Taxi Cab Racism
I know the pain, rage and embarrassment that shook actor Danny Glover when
five cab drivers recently refused to pick him up on a New York city street. A
couple of years ago my wife, I and another African-American couple stood
fuming on a mid-Manhattan street on a cold, windy evening in December as we
watched empty cab after empty cab sail leisurely by ignoring our increasingly
frantic signals for them pick us up. One cab driver glanced at us, waved us
off, and then stopped a few feet in front of us to pick up a white couple.
Finally out of desperation we asked our wives to stand on the corner while we
ducked behind a corner building. They continued to furiously wave at cabs to
stop. They had no better luck than we had. After nearly an hour futilely
trying to get a driver's attention we trudged a few blocks through the cold
and caught a bus. The other couple with us, both native New Yorkers, just
shrugged and said that's the way it is with cabs here.
Thankfully Glover didn't shrug off taxicab racism. He filed a complaint and
held a press conference to loudly protest his treatment. Glover's action once
more tossed the ugly spotlight on cab driver racism as a big sorespot for
thousands of blacks. New York Mayor Rudolph Giuliani and police officials
immediately vowed to crack down on cab drivers that refuse to pick up blacks.
The instant they put the heat on, the drivers were on their best behavior.
But why did it take officials so long to do something about cabby racism? And
will it always take the racial mistreatment by cabbies of a black celebrity
for officials to take action? The last time cab driver racism stirred any
kind of response from officials was when former New York Mayor David Dinkins
complained that cabs refused to pick him up. Even before Dinkins's public
outcry made brief news, the New York City Taxi and Limousine Commission, that
regulates they city's cabs, to launch its own sting operation. The commission
fingered a score of drivers who blatantly passed up black passengers to pick
up whites.
Many cab drivers claim that screaming racism is to simple. They tell horror
stories of drivers being beaten, robbed, assaulted and even murdered by
passengers or thugs lurking in alleyways in black neighborhoods. While some
drivers exaggerate or flat out lie about the danger to their physical safety
as a cover to practice discrimination, their fears of violence are real and
shouldn't be ignored.
But this is no excuse for not picking up black passengers simply because they
are black. Cab drivers have been preyed on by thugs of all colors, including
whites. These assaults can and do occur in any and every part of a city. Yet
cab drivers don't routinely refuse to pick up non-blacks on sight.

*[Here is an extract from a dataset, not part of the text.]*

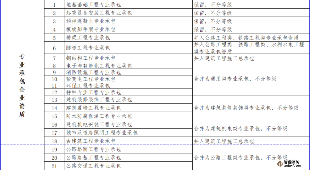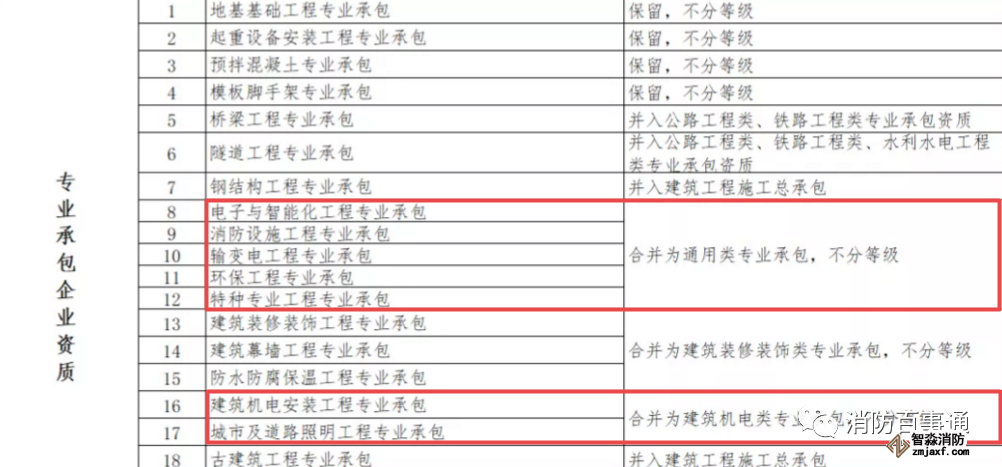 消防設施施工專業承包資質和其他幾項資質合并為通用類專業承包,不分等級。
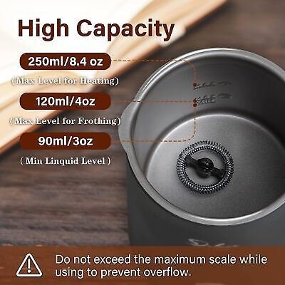 4 in 1 Coffee Frother: The 4-in-1 electric milk frother creates cold foam, heat milk, light foam, and thick foam for your latte, cappuccino, macchiato, iced mocha, and more, which can meet your multiple needs at the same time. You can DIY coffee drinks at home and office, enjoy a different experienceCapacity: Milk heater can heat up to 250ml/8.4oz milk for delicious latte or chocolate milk, or froth up to 120ml/4oz foam for cappuccino or macchiato at a time, which is perfect for treating your family and friendsEasy to Use: This milk frother can froth milk quickly in 1-2 minute, compared to a hand-held milk frother, the automatic one can help you free your hands by pressing the button. The matching lid can prevent the milk from spilling out and can also reduce the noise very wellSimple to Clean: Adopting superior 304 stainless steel material, the internal non-stick surface make it easy to clean. And the large opening makes it easier to wipe away the residue, perfectly saving your timePackage includes: 1 pack 4-in-1 electric milk frother, one whisk for heating milk and the other for heating and frothing

Also what
are the odds of a cab driver being mugged or murdered by an African-American
dressed in a business suit or a tailored outfit and carrying an attaché case?
Yet many cab drivers routinely refuse to pick up nattily dressed black
professionals on sight. A friend who briefly drove a cab in Los Angeles
bitterly told me that everybody he knew in the business did everything they
could not to pick up black guys.
Glover's experience along with mine and countless other African-Americans who
are victimized by the racist practices of some taxi drivers, suggest there is
much truth to his claim. Then those cab drivers are guilty of imposing a
vicious system of on-the-street redlining that penalizes and criminalizes all
African-Americans. They also deny the thousands of African-Americans who
depend on cab service to get them to entertainment activities, airports,
business engagements, or simply to get to their homes a crucial public
transportation resource.
Cab driver associations say the answer to discrimination is better driver
etiquette training. Glover says the answer is more multicultural diversity
training. I say the answer is to keep doing what Giuliani did and nail
cabbies who discriminate with tough penalties. The pity though is that it
took a celebrity for that to happen.